On the Trajectory Regularity of ODE-based Diffusion Sampling
Defang Chen, Zhenyu Zhou, Can Wang, Chunhua Shen, Siwei Lyu
TL;DR
The paper investigates the trajectory regularity of ODE-based diffusion sampling, revealing a boomerang-shaped, largely straight sampling path governed by an implicit denoising trajectory. By modeling data with kernel density estimation, it derives a closed-form denoising solution linked to annealed mean shift and demonstrates that the sampling length scales as $\sigma_T\sqrt{d}$ with a nearly constant vector-field magnitude. Leveraging this regularity, it introduces Geometry-Inspired Time Scheduling (GITS), a dynamic-programming approach that re-allocates time steps using a small warmup, yielding substantial FID gains at few function evaluations with minimal overhead. The method provides theoretical and empirical insights into the sampling mechanism, offering a practical, fast route to higher-quality image generation on standard benchmarks.
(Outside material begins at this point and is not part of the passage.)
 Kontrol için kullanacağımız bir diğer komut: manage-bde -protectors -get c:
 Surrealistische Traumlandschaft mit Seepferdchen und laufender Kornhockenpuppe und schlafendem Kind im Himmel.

Overall, the work connects trajectory structure, KDE-based denoising, and DP-based scheduling to deliver efficient, principled acceleration for diffusion samplers.
Abstract
Diffusion-based generative models use stochastic differential equations (SDEs) and their equivalent ordinary differential equations (ODEs) to establish a smooth connection between a complex data distribution and a tractable prior distribution. In this paper, we identify several intriguing trajectory properties in the ODE-based sampling process of diffusion models. We characterize an implicit denoising trajectory and discuss its vital role in forming the coupled sampling trajectory with a strong shape regularity, regardless of the generated content. We also describe a dynamic programming-based scheme to make the time schedule in sampling better fit the underlying trajectory structure. This simple strategy requires minimal modification to any given ODE-based numerical solvers and incurs negligible computational cost, while delivering superior performance in image generation, especially in $5\sim 10$ function evaluations.